= Jan Gay =

German-American author, activist, and researcher (1902–1960)

Jan Gay (born Helen Reitman, 1902–1960) was a German-born American journalist, author, activist, and researcher.

She is known for her pioneering research on the realities of gays and lesbians in 1930s Europe and the US, conducted as part of the Committee for the Study of Sex Variants. Previously, she had visited Magnus Hirschfeld's Institute for Sexual Science.

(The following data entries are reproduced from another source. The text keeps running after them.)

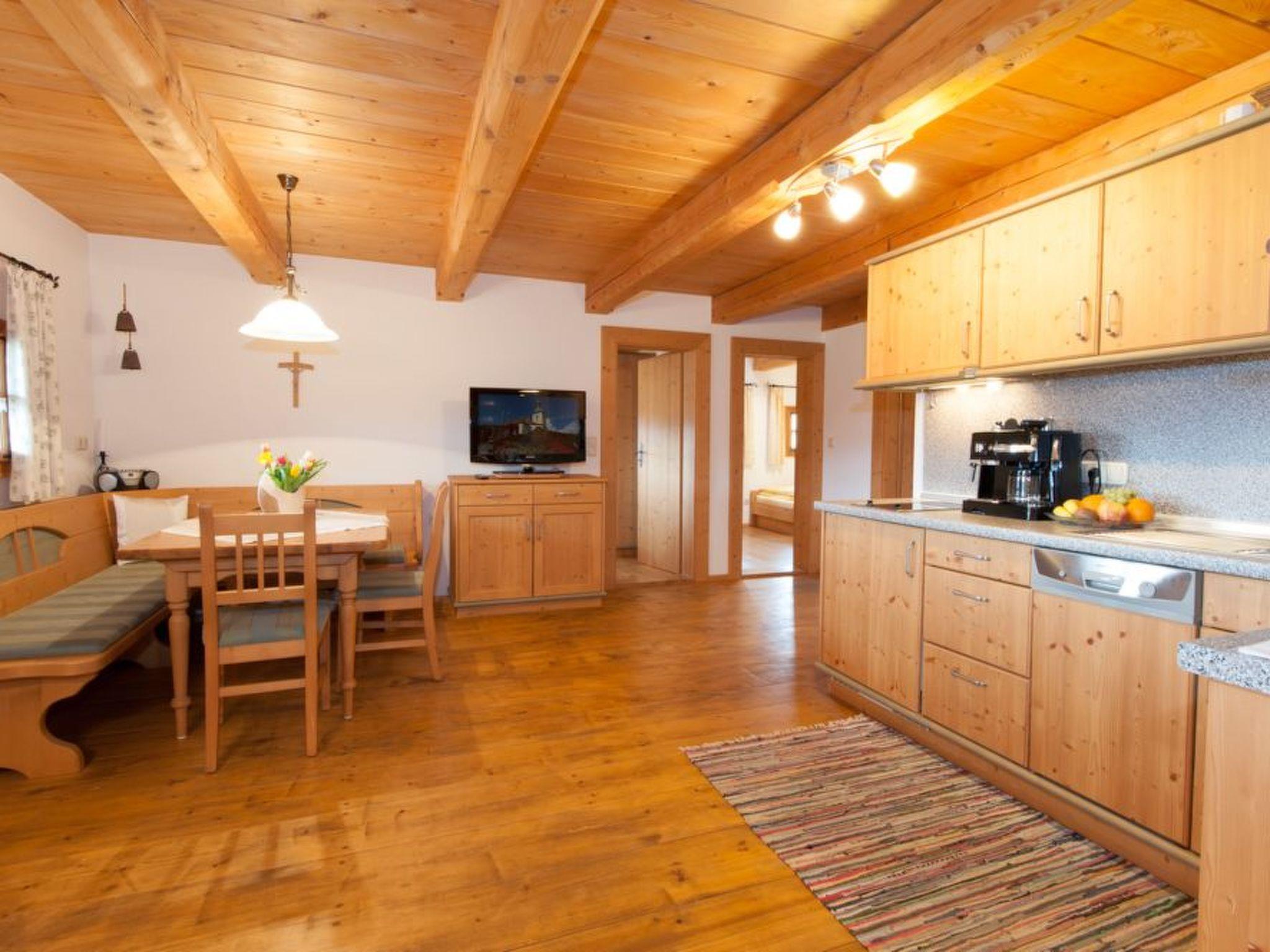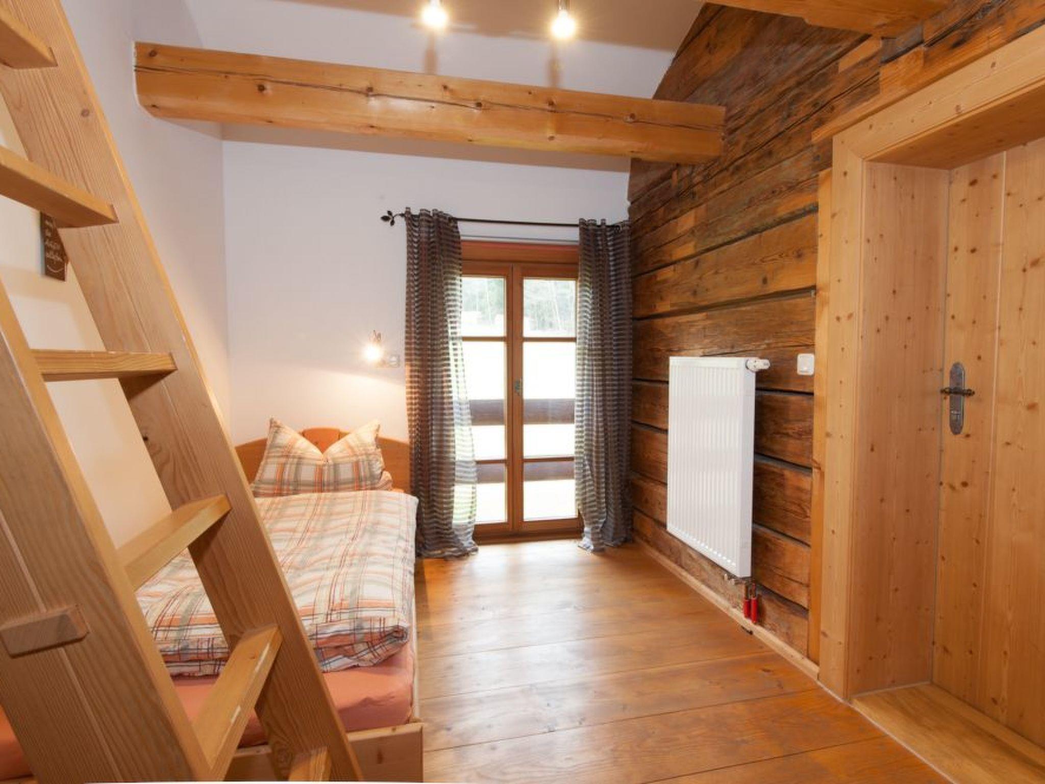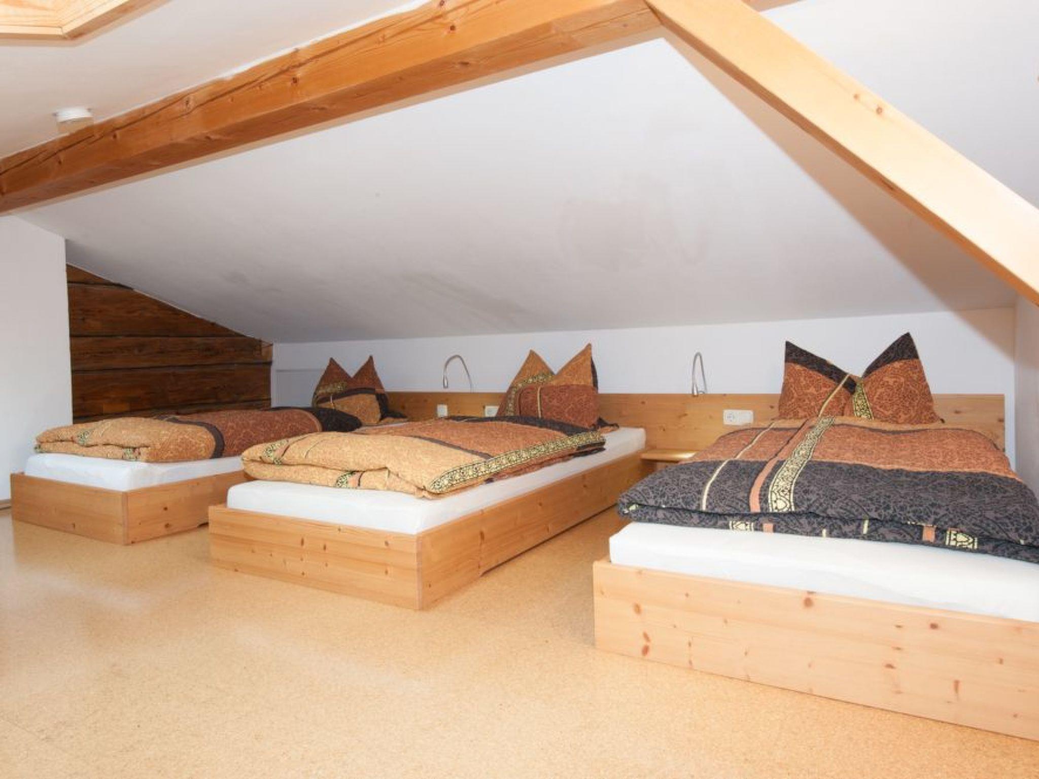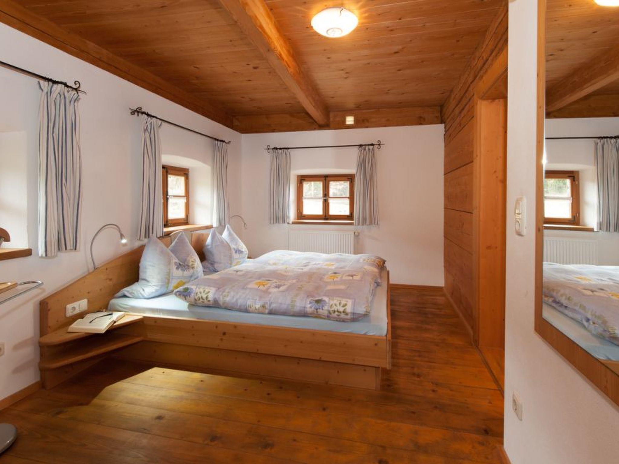 Our holiday home You live in a listed "Austragshaus" from 1850, which used to serve as a retirement home for the old farmers after the farm was handed over. They looked after themselves with one or two cows. Our "Austragshaus" was still inhabited until the early 1960s. The building was demolished in 2000 and completely rebuilt at a different location next to the farm. In order to make the old wooden house habitable again, the old beams were professionally repaired and partly renewed.three holiday flats with additional roof galleries, lots of solid wood and a large lounge with tiled stove were then very elaborately converted.the holiday home is only rented completely to groups and families and offers space for 10 - 15 people, through the separate flats there is enough privacy and retreats.on the ground floor of the holiday home is the common room with tiled stove. In this room is another fully equipped large kitchen, which you can also use.the sauna with relaxation room and solarium is located in the basement of the house.the farmhouse parlour45 sqm, suitable for 2 - 4 people and divided into: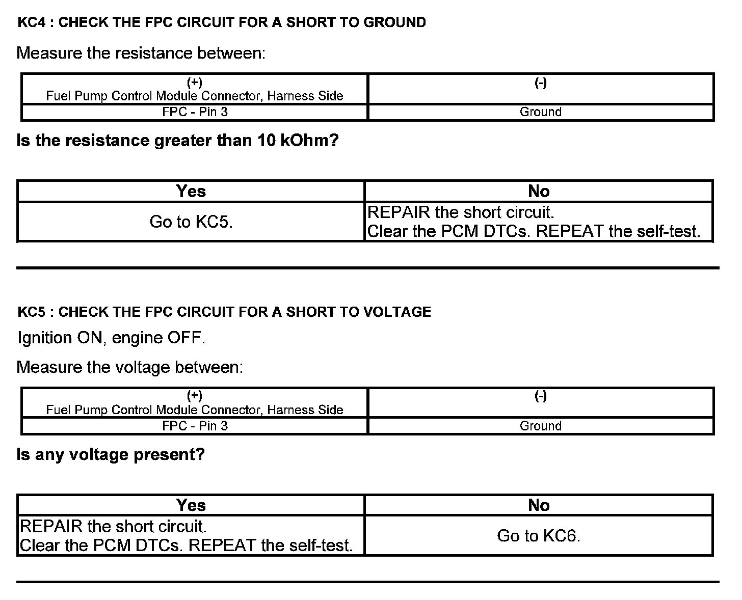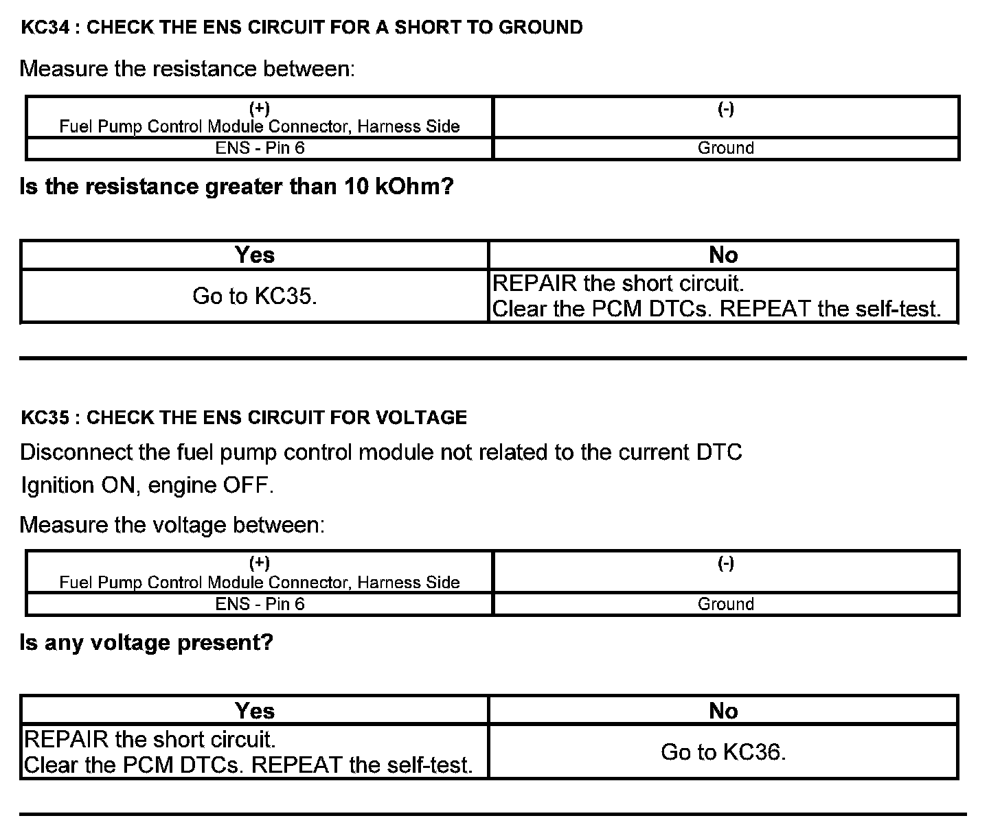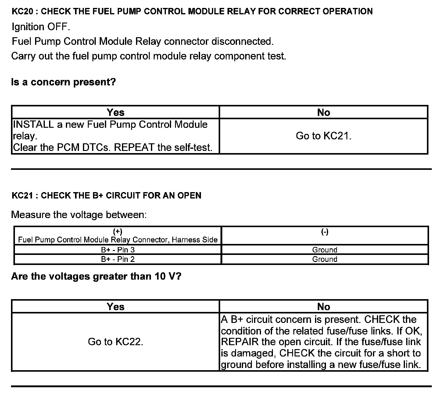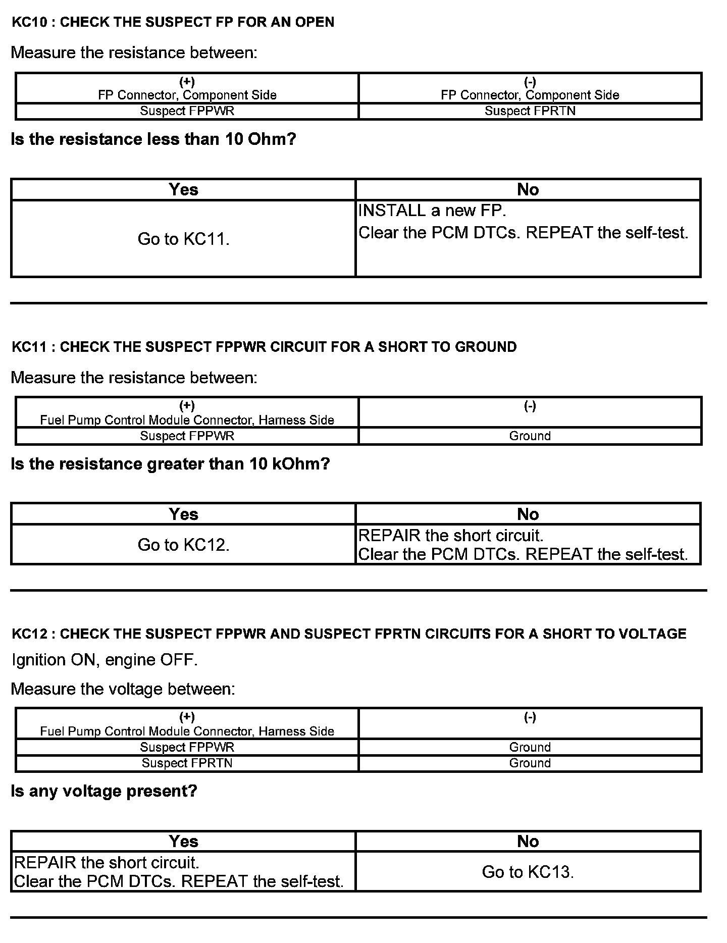 Test KC: Fuel Pump Control Module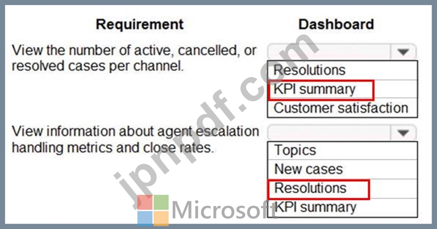 どのダッシュボードをお勧めしますか? 回答するには、回答エリアで適切なオプションを選択してください。

Gay was also a relevant early figure of nudism in the US, a topic on which she wrote the essay On Going Naked (1932) and the script of the documentary This Naked Age (1932). She also wrote several children's books, some of them in collaboration with her partner Zhenya Gay.
Her story gained prominence after the publication of the investigative novel Blackouts (2023) by Justin Torres, the winner of the 2023 National Book Award.

== Early life ==
Jan Gay was born Helen Reitman on February 14, 1902 in Leipzig, Germany to parents Ben Reitman, an American physician, gynecologist, and anarchist who is known for being one of Emma Goldman's lovers, and May Schwartz, an American musician. Reitman abandoned Gay and Schwartz when Schwartz was still pregnant in 1901, a decision that Reitman expressed regret for over the years despite the fact that he and Gay never mended their fraught relationship. Schwartz was institutionalized when Gay was a child, and Gay was raised by several of her mother's relatives in the midwest.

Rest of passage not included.